Briefly, the solution works as follows: the crawler finds a pretty AJAX URL (that is, a URL containing a #! hash fragment). It then requests the content for this URL from your server in a slightly modified form. Your web server returns the content in the form of an HTML snapshot, which is then processed by the crawler.
12:18 am on Mar 5, 2010 (gmt 0)
So the onus is on the site's owner to pay for extra work on the site, then. :(
What's wrong with modifying a standard XML reader as a bot? Surely THAT knows whether a file is XML or not? Don't the headers give a clue?
Have to say I'm glad I'm not coding XML. I tried to read Numbers pages on the IANA site yesterday using Firefox. All I got was garbage. But at least it told me at the top that it was XML.
2:44 am on Mar 7, 2010 (gmt 0)
As I understand it, the issue is not really about reading XML. The issue is indexing a URL with a # mark as being different from the URL without the #. If your site needs this technology, then your various AJAX page states were already NOT getting indexed by the search engines, and this technology is a help, and worth investing the resources to get more search traffic.
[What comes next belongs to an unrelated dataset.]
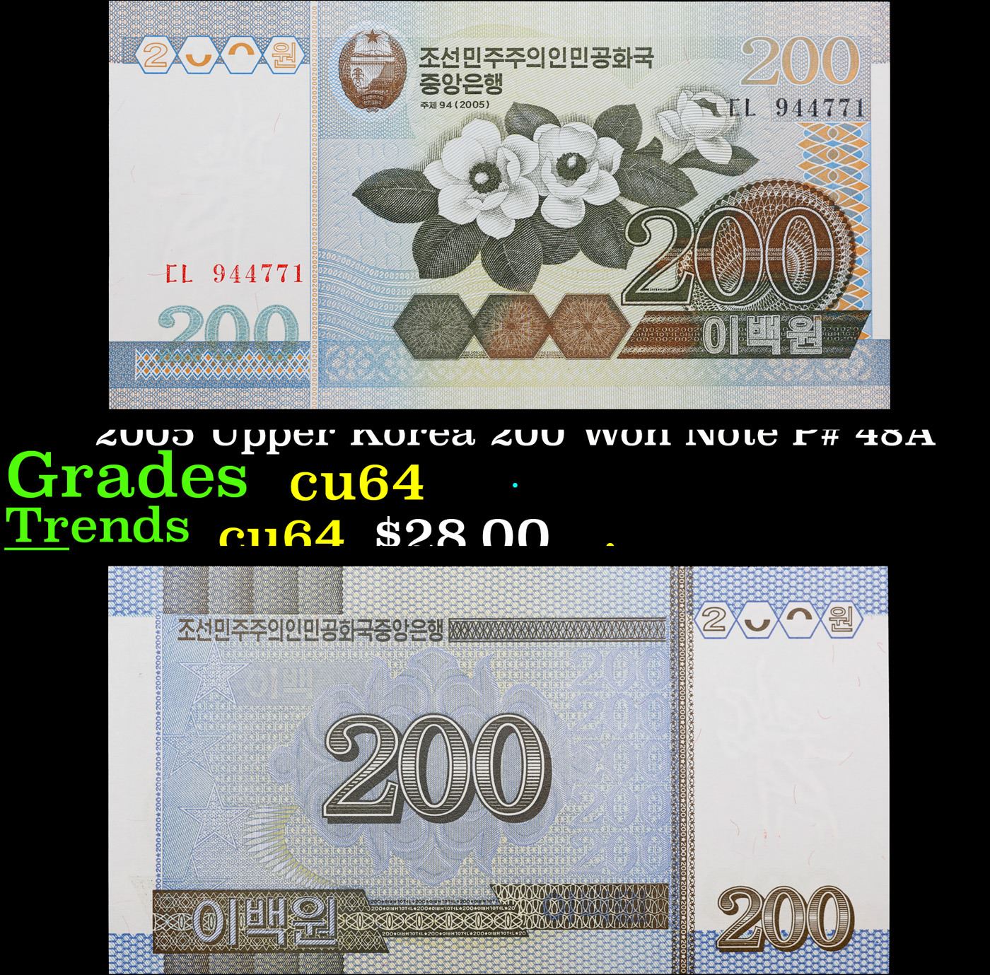 2005 Upper Korea 200 Won Note P# 48A Grades Choice CU.

I think Google is correct here. The web needs a different way to identify a new AJAX call to the server for page content that wasn't served in the first download. Recycling the simple hash mark for that purpose has definitely been problematic. That's even more the case with the new interest in indexing the page fragments with direct links in the snippet.
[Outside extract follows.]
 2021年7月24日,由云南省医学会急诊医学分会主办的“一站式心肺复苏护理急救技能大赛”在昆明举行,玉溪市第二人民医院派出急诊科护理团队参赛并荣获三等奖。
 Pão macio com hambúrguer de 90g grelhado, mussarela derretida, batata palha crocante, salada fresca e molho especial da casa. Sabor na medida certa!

8:15 pm on Mar 7, 2010 (gmt 0)
Surely it's possible to determine the likelihood of a hash link on a page being in-page or external? If the page is XML it's likely to be the latter, surely? Follow the link and see what comes up: if it's not XML, drop it.
Or perhaps I'm being too simplistic. I come from an age when programming was logical and structured, before internet "gurus" got hold of the idea. :)
As to getting more search traffic: if the browser can't display it, surely it ain't much use? The punter (eg me) will go away and find a page that can be viewed.
Or is non-viewable an XML design fault? If so, I think IANA should be told.
9:54 pm on Mar 7, 2010 (gmt 0)
You're right - a major part of the html/xhtml on the web is a far, far distance from anything you could call disciplined programming. If web pages were treated as true programming, then your browser would be blank almost all of the time today!
Also a crawler is definitely not using the same kind of approach that a visual browser uses. Different goals, different end uses. I don't know if this #! approach that Google suggests will really fly or not, but it's not too bad as a first attempt.
10:02 pm on Mar 7, 2010 (gmt 0)
The # on its own already has a specific meaning.
So, I applaud that site owners have a new way (using the #! combination) to signify content they do want crawled, rather than Google 'assuming' and just barging on in.
1:28 am on Mar 11, 2010 (gmt 0)
I like this. Very useful if designed thoughtfully.